Indeed, Labour's anxiety on this score is revealing. It has relied on the votes of Scottish MPs to force through controversial measures which did not affect Scottish voters, notably the establishment of foundation hospitals in 2003 and tuition fees for students in England in 2004. The real opposition to an English Grand Committee system comes not from the voters north or south of the border, but from English Labour.
Sir Malcolm's proposal would involve the Speaker or an independent committee 'certifying' bills or parts of them as specifically English. It is often claimed that this would be impossibly difficult. This was certainly not the view of Parliament's own Procedure Committee (dominated by Labour members) in the 1998-99 session, which declared it 'appropriate to retain special procedures for bills relating exclusively to one of the constituent countries of the United Kingdom, as currently apply to bills relating exclusively to Scotland or Wales'. Yes, this would sometimes be complex. But it was Labour that set this process in train with its devolution legislation: the Rifkind answer would simply correct some of the gross asymmetries created by that original reform.

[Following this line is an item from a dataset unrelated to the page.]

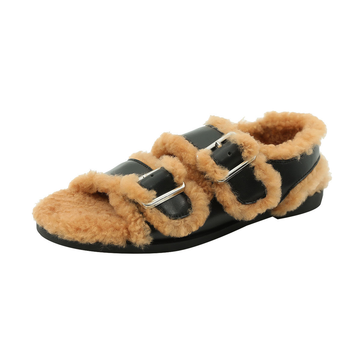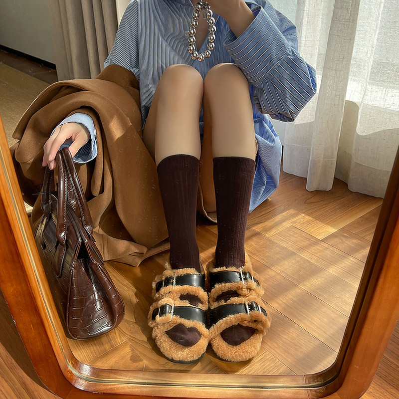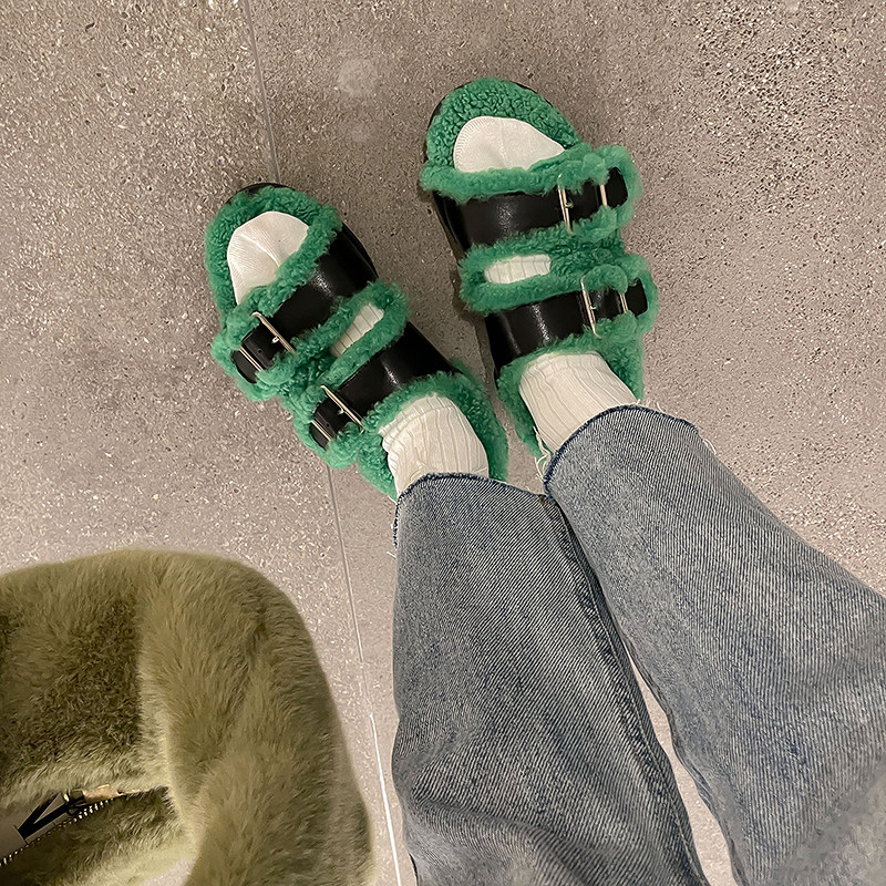 Miss Morning can bend soft click ~ one word button to keep the flat coat coat sandals snowshoes

The PM's interest in Britishness is an honourable pursuit, at a time when the nature of allegiance, citizenship and shared national culture is being questioned as never before. But if Mr Brown is serious about preserving the Union, he must accept that the sensitivities of England are no less important than those of Scotland, Wales and Northern Ireland. The fuel of separatism is neglect. It is those who cover their ears when the West Lothian question is posed who are truly jeopardising the United Kingdom.